The candidate could take lessons learned from Peter Thiel’s “Zero to One” method of dominating a specific solution in a vertical market. This could be rolled out globally in cooperation – not conflict – with hyperscalers. Importing new sources of external revenue into a regional telecommunications provider is essential for generating the revenue required to sustain world class consumer services.
Evolving Company Culture
Shifting a telecom culture from “network love” to “customer love” is no easy feat. As an example, Amazon AWS reportedly saw a 1286% increase in quarterly revenue from Q1 2014 until present with a relentless focus on customer satisfaction and innovation. This was achieved with a culture that allowed for experimentation and blameless operations with a willingness to fail fast. During the same period, the telecom candidate saw ICT growth below 10%. Clearly, digital transformation equally requires cultural transformation to realize lasting impact.

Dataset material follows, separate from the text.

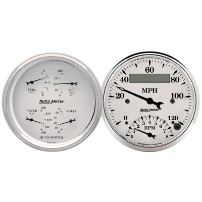 AutoMeter Gauge Kit 2 Pc. Quad & Tach/Speedo 3-3/8in. Old Tyme White - 1620

The opportunity to implement rapid and measurable increases in both revenue generation and net income have already been proven by former staff and citizens within the home market. This market has produced the co-founders of Cloudflare (Mkt Cap $32B), as well as executive leadership at Suncor (Mkt cap $39B), Pattison Group (est $10B), Arye Group (est $1.2B) and many more. Together, the home market ex-pats and current citizens have generated more than $80B of market value.
Getting the right mix on the Board of Directors and special committees around Digital Transformation or Innovation is essential. Culture change will require top down support and modeling of the desired behaviour in combination with bottom up cultural adoption.
The Shadow OT Opportunity for Telecoms
Shadow OT is not the enemy of industry or even telecommunications providers. In reality, executing in partnership with external service providers such as hyperscalers, B/OSS providers like Totogi, consumption based Open RAN providers, or enterprise-first connectivity platforms like Expeto and its disruptive NeXtworking™ solution could foster a much needed alliance for telecommunications providers worldwide.
5G deployments are underway. Enterprise digital transformation is essential for survival. Will you position Shadow OT as friend or foe?